All of the data must be written out verbatim, with pictures excluded.

== Record excerpts

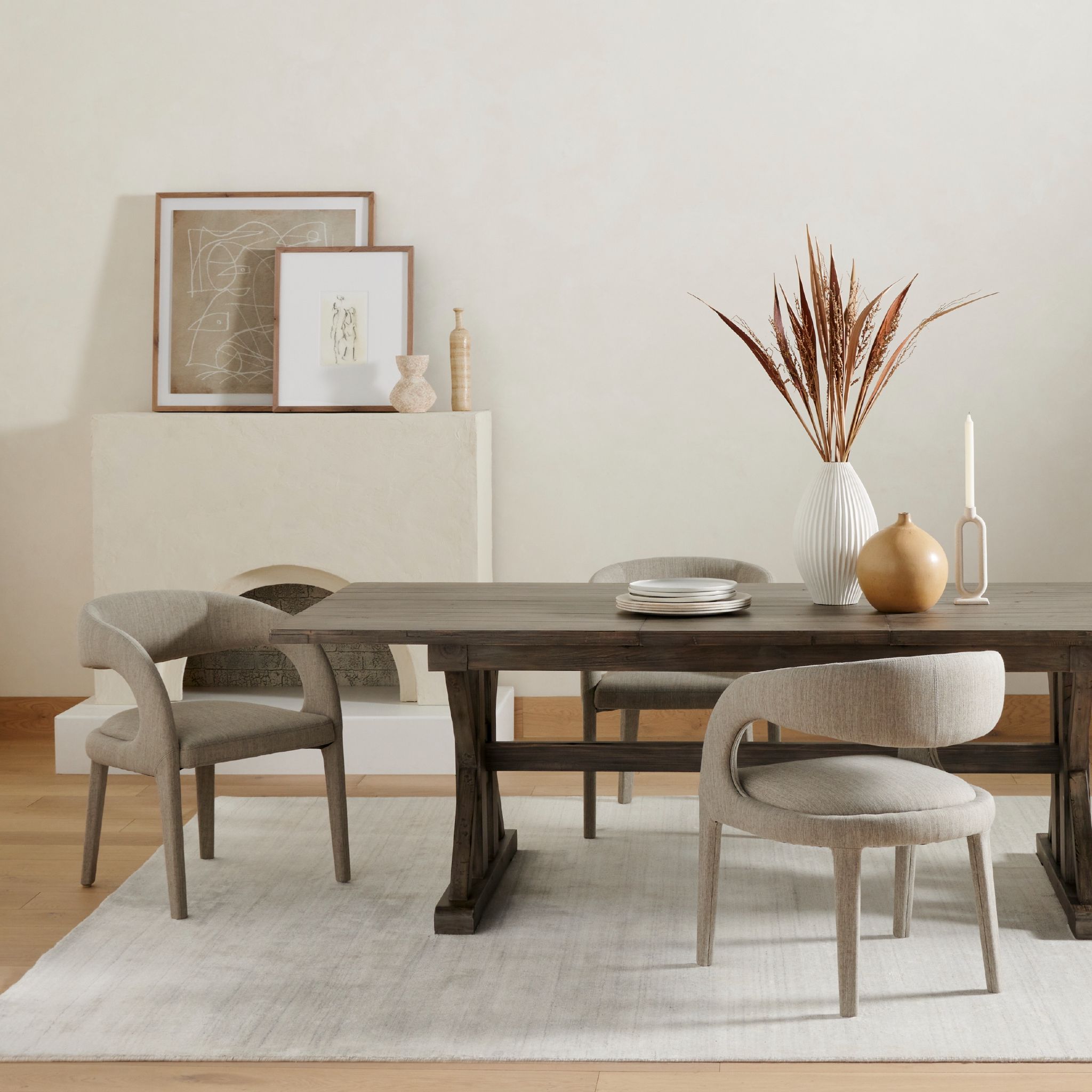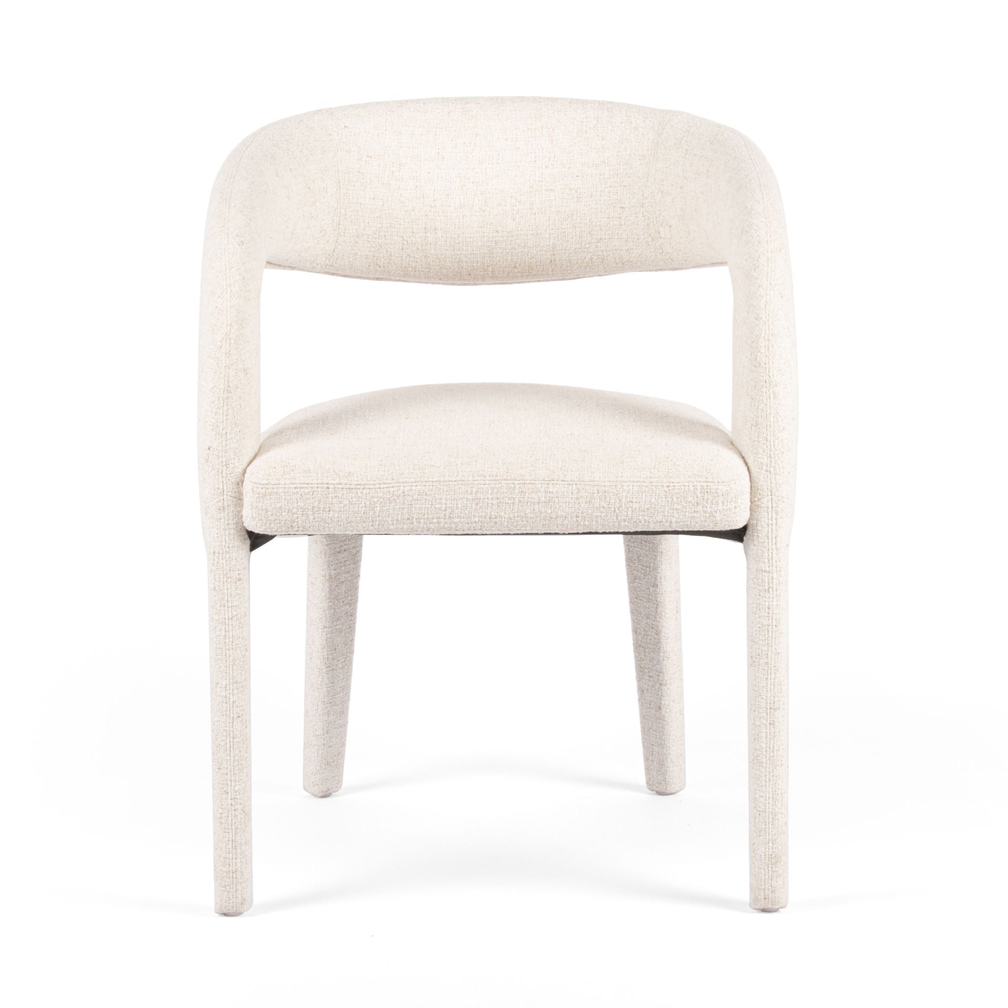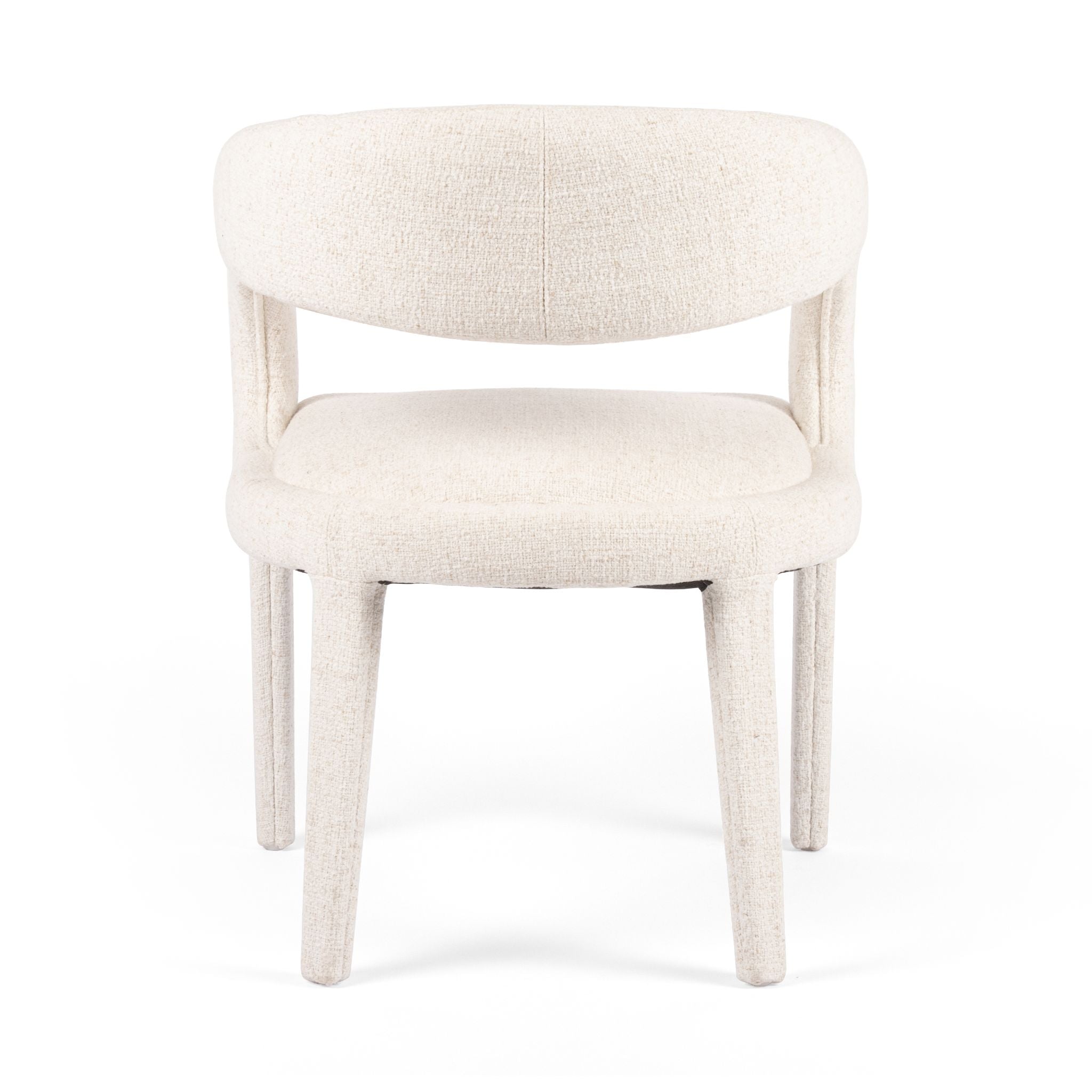 Strike a pose. Well curved and finely sculpted, with linen-blend upholstery makes for a shapely and sensible addition to the modern dining room.
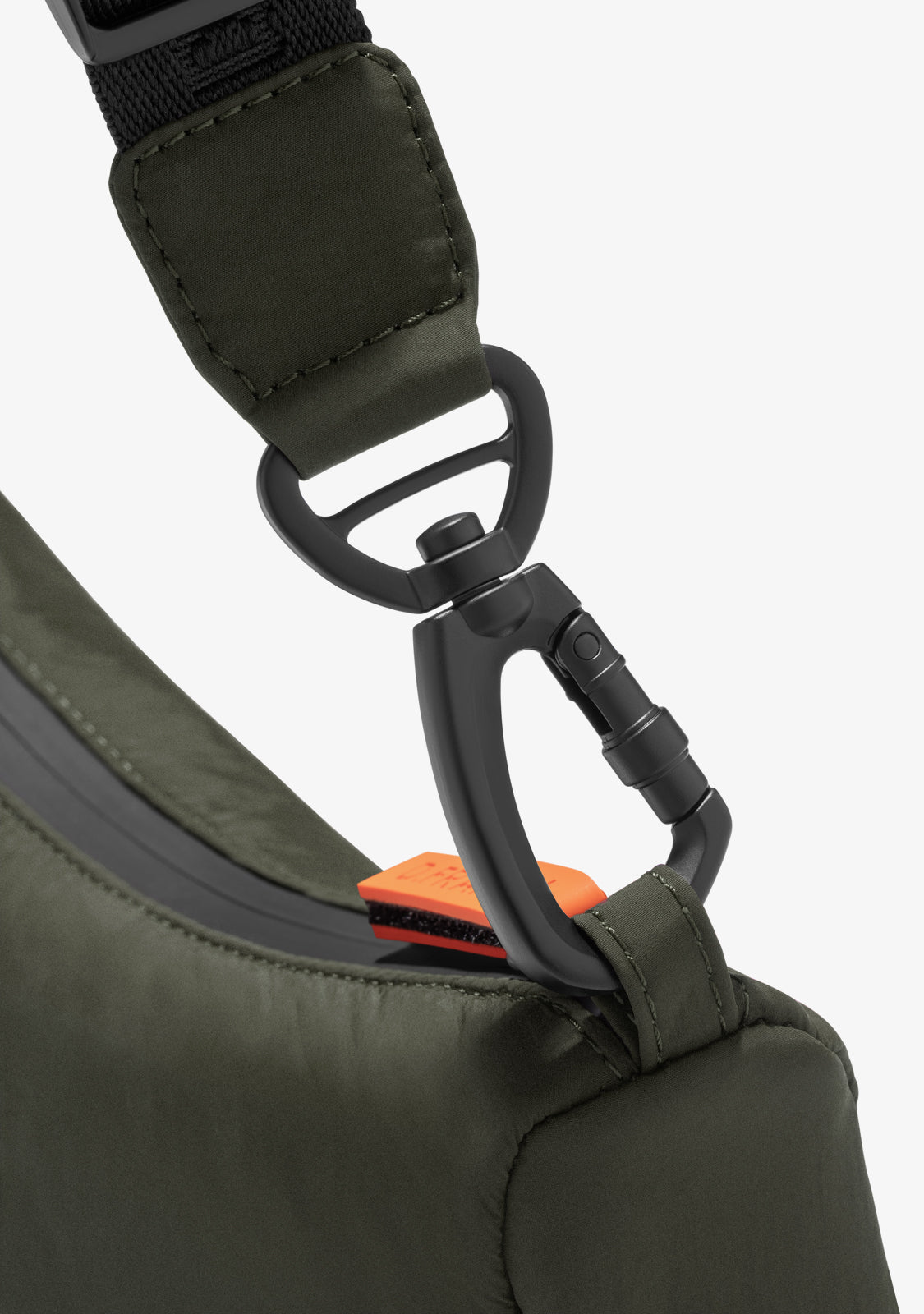 Questo design con finitura verde è realizzato in materiali tecnici che lo rendono leggero e resistente. L'interno presenta una tasca con zip e due piccoli scomparti per l'organizzazione.
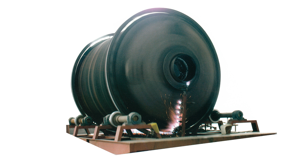 沿兩相互垂直的軸連接旋轉(zhuǎn),模具內(nèi)樹脂在重力和熱量的作用下逐漸均勻地涂面、熔融黏附于模具內(nèi)表面上,形成所需要
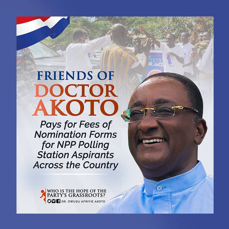 Friends of Dr. Akoto in pursuit of an equal opportunity for all prospective aspirants in strengthening internal democracy has paid for the fees of the nomination forms for all the aspirants of the over 38,000 Polling stations across the country. The payments have been done through the respective regional and constituency representatives of the group.
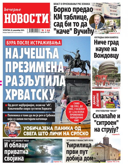 Večernje novosti - Naslovna strana - Štampano izdanje za 28.12.2023.
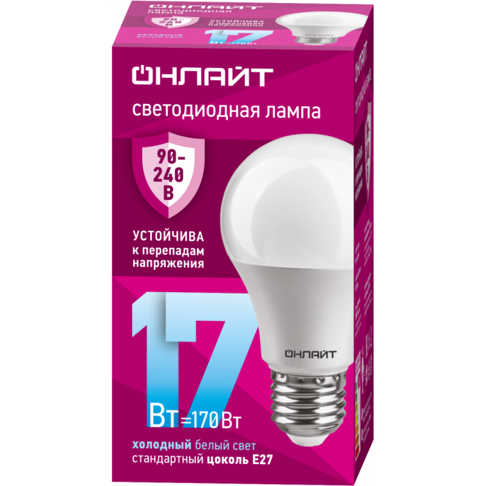 Лампа светодиодная 90 404 OLL-A60-17-230-6.5K-E27 17Вт грушевидная 6500К E27 90-240В PRO ОНЛАЙТ 90404

====

- Solution to the problem:
 Strike a pose. Well curved and finely sculpted, with linen-blend upholstery makes for a shapely and sensible addition to the modern dining room.
 Questo design con finitura verde è realizzato in materiali tecnici che lo rendono leggero e resistente. L'interno presenta una tasca con zip e due piccoli scomparti per l'organizzazione.
 沿兩相互垂直的軸連接旋轉(zhuǎn),模具內(nèi)樹脂在重力和熱量的作用下逐漸均勻地涂面、熔融黏附于模具內(nèi)表面上,形成所需要
 Friends of Dr. Akoto in pursuit of an equal opportunity for all prospective aspirants in strengthening internal democracy has paid for the fees of the nomination forms for all the aspirants of the over 38,000 Polling stations across the country. The payments have been done through the respective regional and constituency representatives of the group.
 Večernje novosti - Naslovna strana - Štampano izdanje za 28.12.2023.
 Лампа светодиодная 90 404 OLL-A60-17-230-6.5K-E27 17Вт грушевидная 6500К E27 90-240В PRO ОНЛАЙТ 90404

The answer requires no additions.